Aber nun geht es erst mal um die Ausstellung:
Sex Work
Eine Kulturgeschichte der Sexarbeit
2. April bis 25. Oktober 2026
Die Geschichte der Sexarbeit lässt sich von weit vor der Antike bis in die Gegenwart verfolgen. Welches Menschenbild die Zeit prägte, welche Werte galten und wer Macht ausübte, lässt sich auch daran ablesen, wie gesellschaftlich mit Sexarbeit umgegangen wurde. Sie bedeutete in manchen Zeiten für Frauen eine von wenigen Möglichkeiten, selbständig Einkommen zu generieren. Ihre Geschichte wurde bislang meist aus einer Außen-perspektive geschildert. Die Ausstellung SEX WORK erzählt die Geschichte anders: Gemeinsam mit einem Kollektiv forschender Sexarbeiter*innen wird in der Bundeskunsthalle Kunst, Kulturgeschichte und Archivmaterial präsentiert, orientiert an einem zentralen Prinzip: Nichts über uns ohne uns!
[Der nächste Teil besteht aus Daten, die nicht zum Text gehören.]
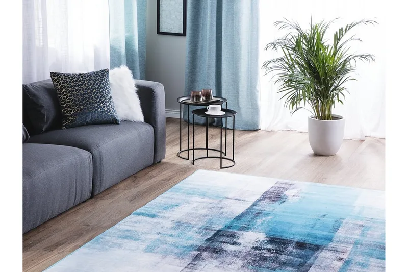 Moderni abstrakti olohuoneen matto. Tuo taiteellista henkeä mihin tahansa sisustukseen tällä abstraktin kuvioinnin matolla. Vaimeiden sinisten sävyjen lisäksi siinä on silauksia mustaa ja valkoista, jotka ankkuroivat huoneen sisustuksen, esitellen luovuuden ja tyyneyden ilmapiirin. Ajattoman suunnittelun ansiosta tämä matto sopii niin moderniin makuuhuoneeseen kuin vanhanaikaiseen oleskelutilaan.

Die Ausstellung setzt Schlaglichter auf Kunst- und Kulturgeschichte ebenso wie auf gesellschaftspolitische Themen der Gegenwart. In der bildenden Kunst spielten Hetären, Dirnen, Kurtisanen und Nackttänzerinnen lange Zeit vorrangig eine motivische Rolle, wurden allenfalls als Musen wahrgenommen. Dass Sexarbeiter*innen auch eine schöpferische, künstlerische Rolle einnehmen, ist eine Perspektive, die hier sichtbar gemacht wird. Eine Kulturgeschichte der Sexarbeit zu erzählen heißt, ein Terrain zu betreten, das von moralisierenden und hochpolitischen Diskursen durchzogen ist. Medien und Popkultur greifen bei der Darstellung von Sexarbeitenden nur zu gerne auf eindimensionale Stereotypen zurück. Die öffentliche Debatte pendelt zwischen moralischer Verurteilung und Positionen, die jede Form der Sexarbeit pauschal als Ausbeutung einstufen. Die im Kontext der Sexarbeit gebräuchlichen Begriffe spiegeln seit jeher soziale Verhältnisse, Machtstrukturen und Geschlechterordnungen wider. Während historische Bezeichnungen wie „Hure“ oder „Dirne“ primär eine moralische Stigmatisierung markierten, rückt der Begriff „Sexarbeit“ den Aspekt der Erwerbstätigkeit in den Fokus und löst diese von einer festgeschriebenen Identität. Zusammen mit Sexarbeitenden kreiert, ermöglicht die Ausstellung historische und aktuelle Einblicke in die Sexarbeit sowie Perspektiven auf Arbeits- und Menschenrechte.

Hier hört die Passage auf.